### Required work
Of the entries below, repeat exactly only those lines from the one containing "Guipure Trim Bridal" through the last line, with pictures omitted.

### Materials provided
- Opening Delimiter -
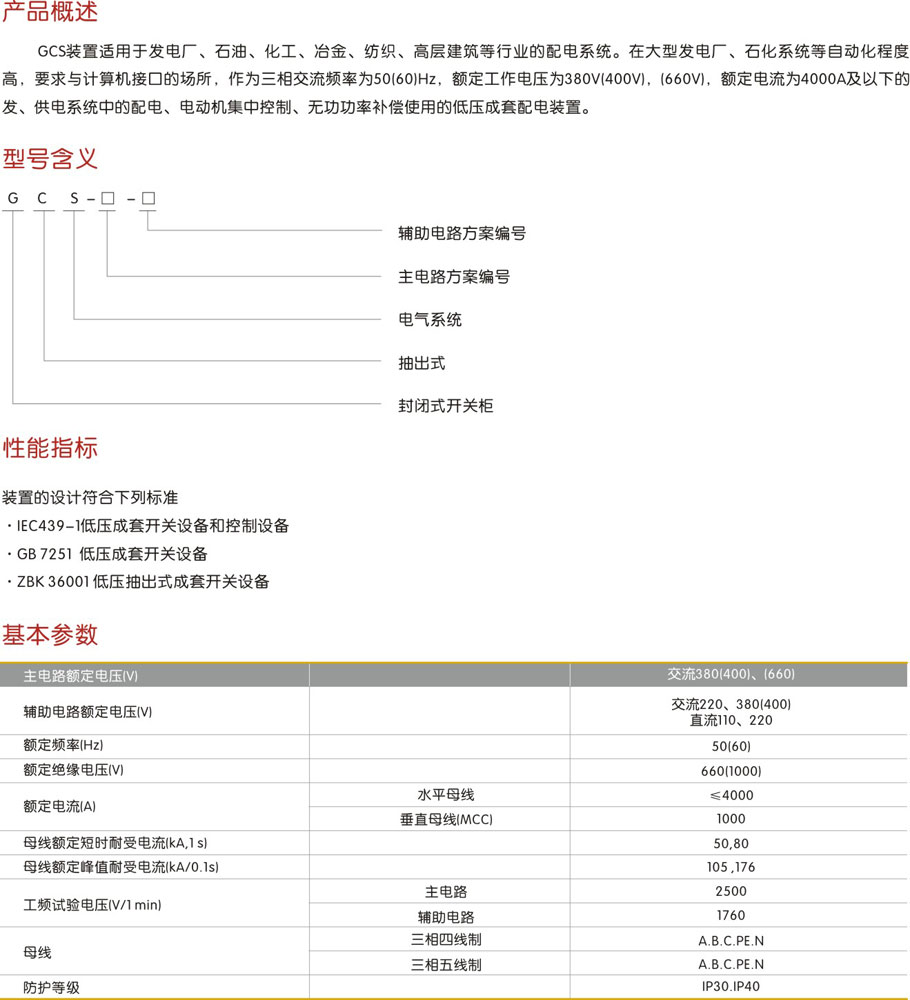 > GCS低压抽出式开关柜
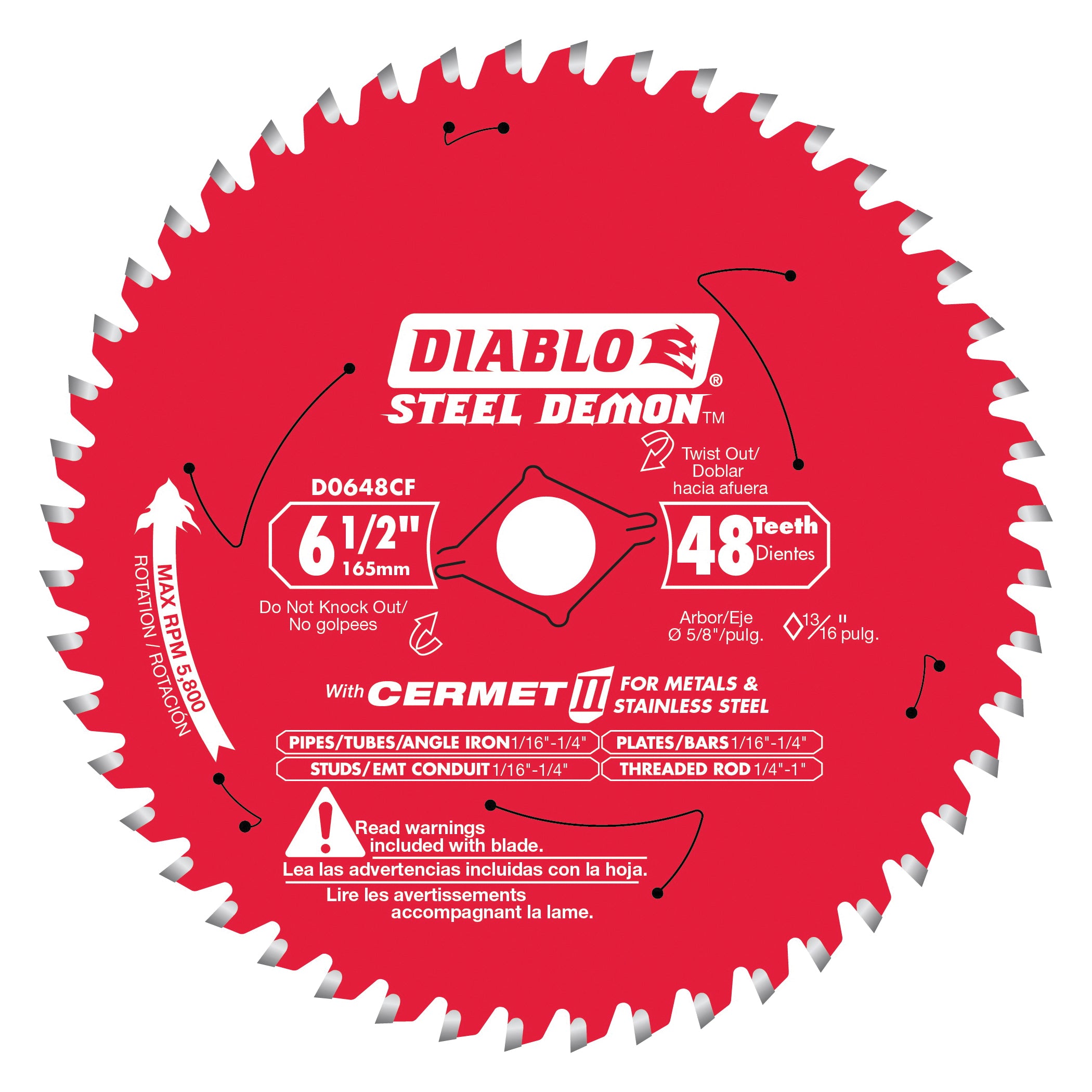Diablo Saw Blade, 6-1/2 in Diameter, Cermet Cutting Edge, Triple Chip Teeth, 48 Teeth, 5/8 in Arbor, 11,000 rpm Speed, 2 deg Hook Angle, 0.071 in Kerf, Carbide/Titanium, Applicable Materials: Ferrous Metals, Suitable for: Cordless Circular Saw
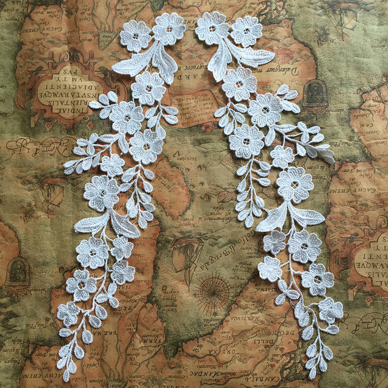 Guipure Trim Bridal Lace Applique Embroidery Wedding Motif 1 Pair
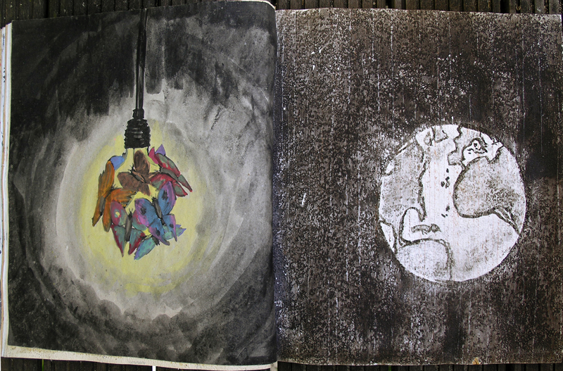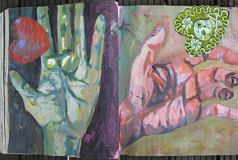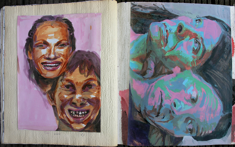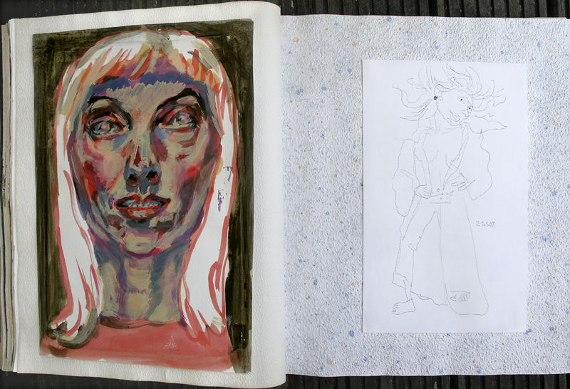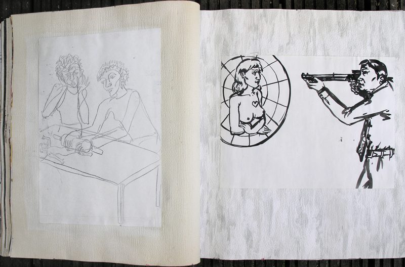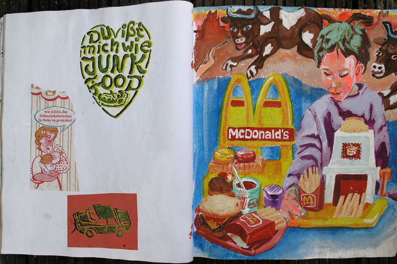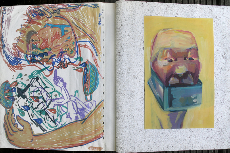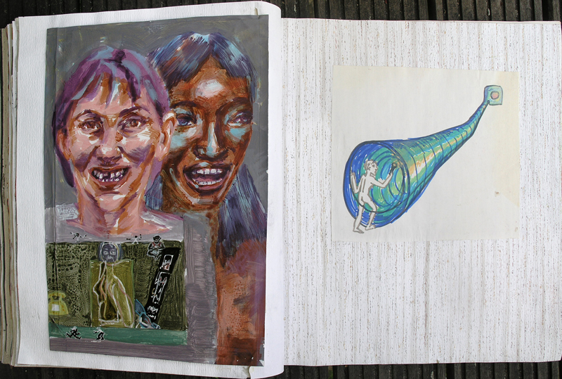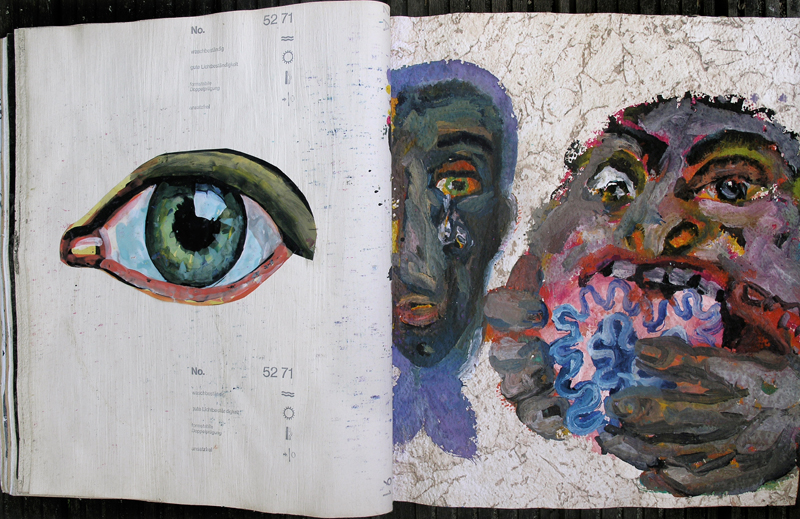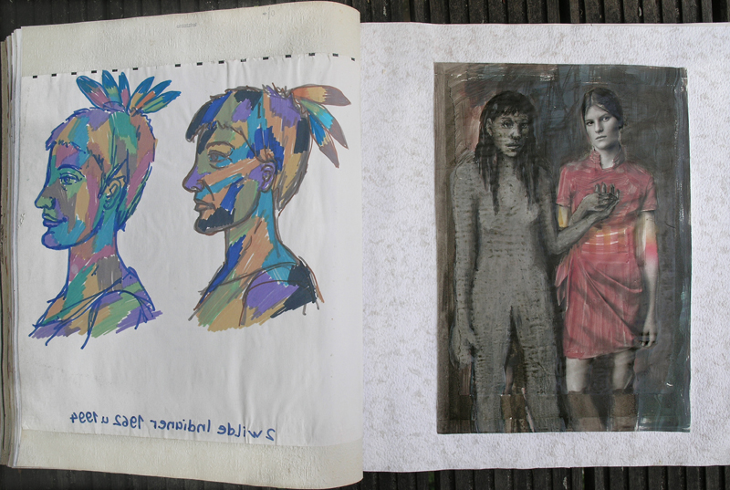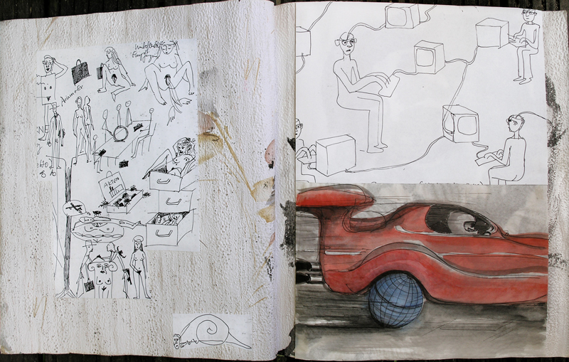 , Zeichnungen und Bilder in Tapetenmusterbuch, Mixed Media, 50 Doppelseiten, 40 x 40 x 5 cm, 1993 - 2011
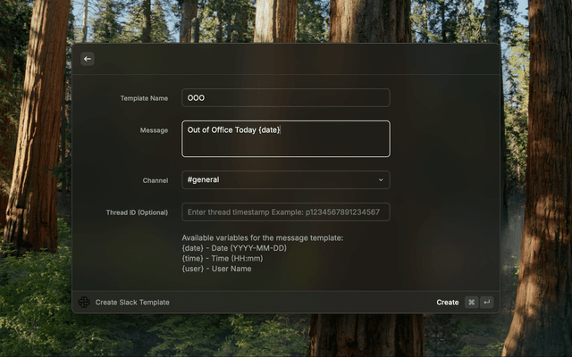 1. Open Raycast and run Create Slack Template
- Closing Delimiter -
### Task output
 Guipure Trim Bridal Lace Applique Embroidery Wedding Motif 1 Pair
 , Zeichnungen und Bilder in Tapetenmusterbuch, Mixed Media, 50 Doppelseiten, 40 x 40 x 5 cm, 1993 - 2011
 1. Open Raycast and run Create Slack Template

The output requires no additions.